I'd like to know what conditions ensure that the next largest eigenvalue of $R$ after $1$, say $\lambda_2(R)$, satisfies $$ \lambda_2(R)^{1/2} \geq |\lambda_2(A)|. $$ I understand that I have not written anything which guarantees that $\lambda_2(R) > 0$, allowing the application of the square root. Nevertheless, in all of the examples I have tried, the inequality has held. In many cases exact equality held.
Of course things are easier in finite dimensions, and I appreciate any help/comments at all, but ideally I would get conditions that work in the infinite dimensional case.
Thanks!
Here is a proof for the finite dimensional case. Since the OP is primarily interested in the infinite dimensional case, I am not sure if this helps.

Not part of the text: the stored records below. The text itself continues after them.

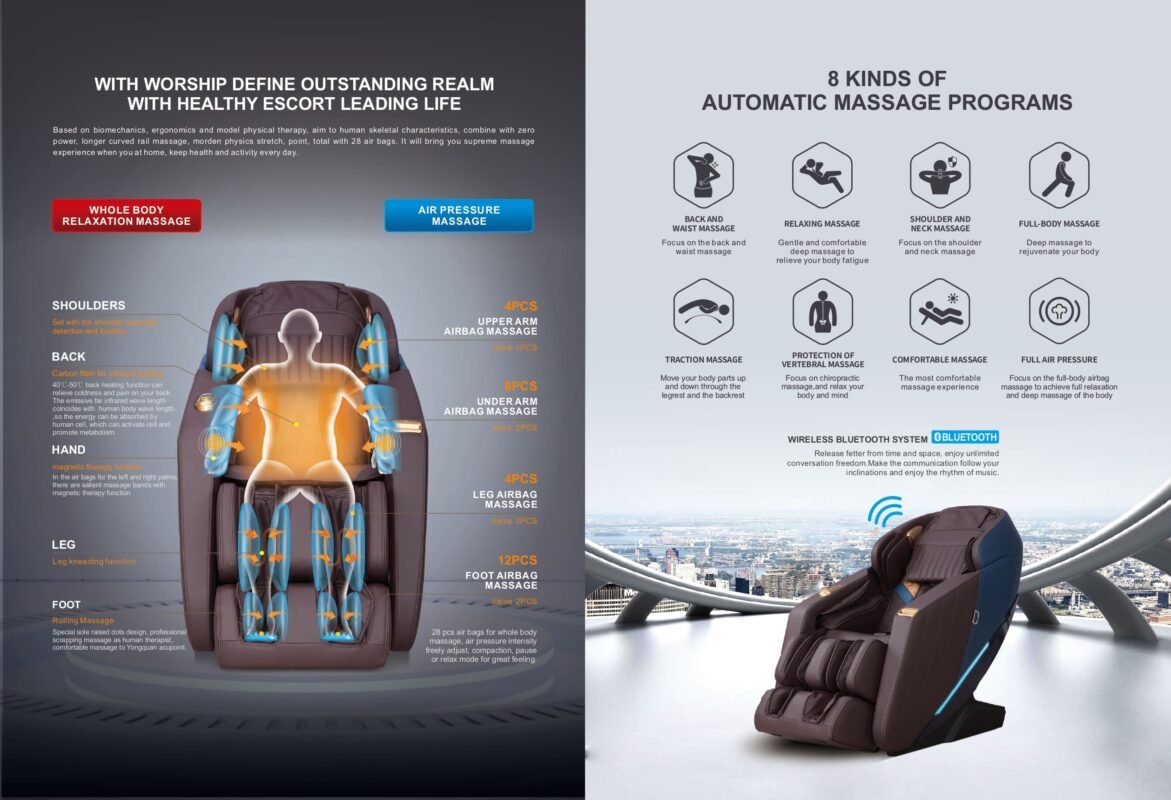Wireless Bluetooth System:Ā Break free from time and space constraints with the wireless Bluetooth system integrated into our massage chair. Connect your devices seamlessly and enjoy unlimited conversation freedom or listen to your favorite music, allowing you to create a personalized and immersive massage experience.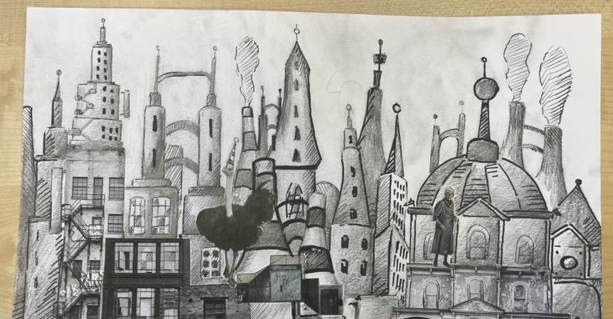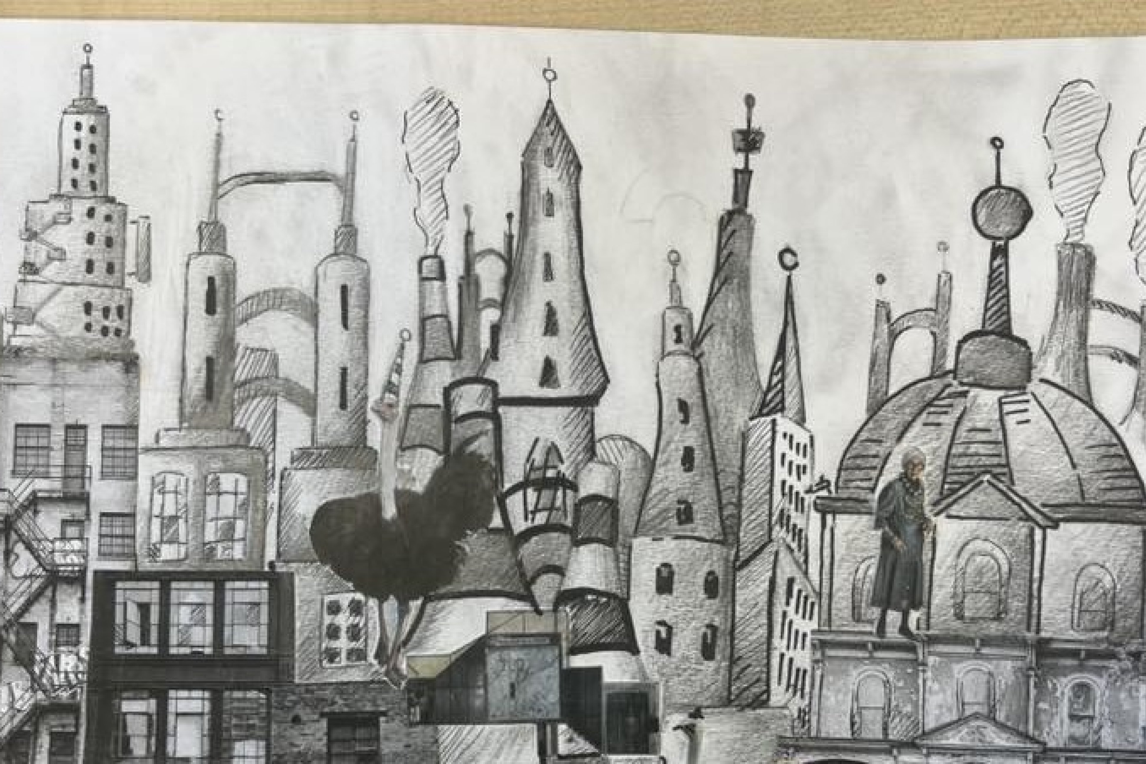 Fotol 1. koha saanud Rasmus Välimäe joonistus linnast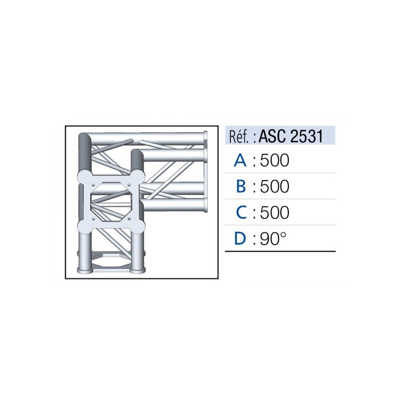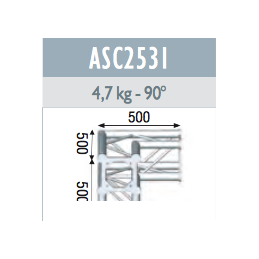Charpente carrée. SÉRIE P Section de structure carrée en aluminium de 29 cm de côté, constituée d'un tube principal de 50 mm de diamètre et de 2 mm d'épaisseur, et d'un tube auxiliaire de 16 mm de diamètre et de 2 mm d'épaisseur. Il est disponible en sections de 0,5 m, 1 m, 2 m et 3 m, et en argent ou noir. Comprend 4 doubles cônes, 4 goupilles, 4...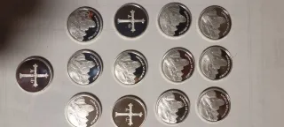Preciosa colección de 13 arras de plata de Ibernumis, que representan a los Reyes de Asturias y la cruz de la Victoria en el reverso, con la leyenda Principado de Asturias, arras matrimonio, 1990, una de ellas lleva en el reverso a la santina de Covadonga, 20 mm de diámetro, perfecto estado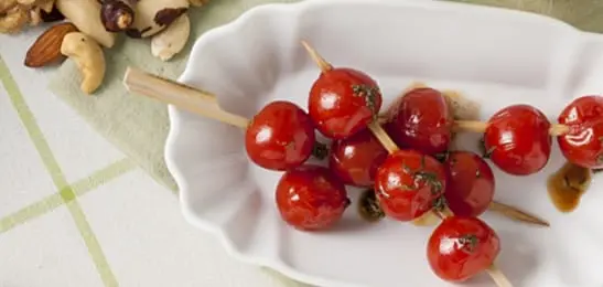 Recept van het Voedingscentrum: Geroosterde tomatenspiesjes met tijm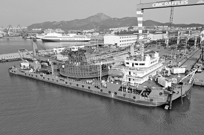 中集來福士の山東省煙臺(tái)市建造拠點(diǎn)で就航を待つ海底ケーブル敷設(shè)船「潤(rùn)能168」(撮影?唐克/光明図片)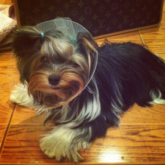 ну и воротник надо носить,у Дольки протест,она не ест не пьет в нем..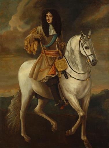 | Keywords: Charles II horse (Peter Lelly).jpg Equestrian portrait of King Charles II of England Scotland and Ireland c 1685 oil on canvas cm 260 191 Institution GAC accession number 8306 http //www gac culture gov uk/work aspx obj 10656 object page http //www gac culture gov uk/images 5Clarger 5C08306 jpg image; previous upload was http //www gac culture gov uk/search/Object asp object_key 27567 here other versions PD-old-100 DEFAULTSORT 1680<; Charles II of England Male portraits by Peter Lely Government Art Collection paintings Portraits of Charles II of England 17th-century oil equestrian portraits of men 17th-century portrait paintings in the United Kingdom Allonge wigs in paintings Equestrian portraits of kings Horses in art of the United Kingdom Jabots in art Male black boots in portrait paintings Over the knee boots Portrait paintings of men holding baton Stars of chivalric orders in portrait paintings |

With the specified assumptions, the inequality always holds. We need $A$ to be irreducible, but aperiodicity and primitiveness are not required.
Denote the $k$-th largest singular value and the $k$-th dominant eigenvalue of a matrix $X$ by $\sigma_k(X)$ and $\lambda^\downarrow_k(X)$ respectively (so, the second dominant eigenvalue is $\lambda^\downarrow_2(X)$, not $\lambda_1(X)$; the notations in the OP are very non-standard). Let $C=W^{1/2}AW^{-1/2}$. Hence $R=W^{-1/2}C^TCW^{1/2}$ is similar to the positive semidefinite matrix $C^TC$ and all eigenvalues of $R$ are real and nonnegative. Furthermore, the inequality in question (in which we shall take the modulus of $\lambda_2^\downarrow(A)$ because eigenvalues of $A$ can be nonreal) is equivalent to $$\sigma_2(C)\ge|\lambda_2^\downarrow(C)|.$$ To prove this inequality, let $v$ be the entrywise square root of $w$. It is straightforward to verify that $v$ is both a left- and right- eigenvector of $C$ corresponding to the largest eigenvalue $\lambda^\downarrow_1(C)=1$. As $A$ is irreducible and entrywise nonnegative, so is $C$. Therefore, by Perron-Frobenius theorem, $\lambda^\downarrow_1(C)$ is a simple eigenvalue and it must be different from $\lambda^\downarrow_2(C)$. So, if $u$ is an eigenvector of $C$ corresponding to $\lambda^\downarrow_2(C)$, by considering $v^HCu$, we see that $u\perp v$.
Normalise $v$ and $u$ to unit lengths. Let $S_0$ be their linear span over $\mathbb C$. View $C$ as a complex matrix. By Courant-Fisher minimax principle, we have $$ \sigma_2(C) =\max_{\dim S=2} \min_{x\in S,\ \|x\|_2=1} \|Cx\|_2 \ge \min_{x\in S_0,\ \|x\|_2=1} \|Cx\|_2 \color{red}{=} \|Cu\|_2 = |\lambda^\downarrow_2(C)|, $$ where the first maximum is taken over all two dimensional complex vector subspaces $S$ and the equality sign in red is due to the fact that $u,v$ are orthonormal eigenvectors of $C$.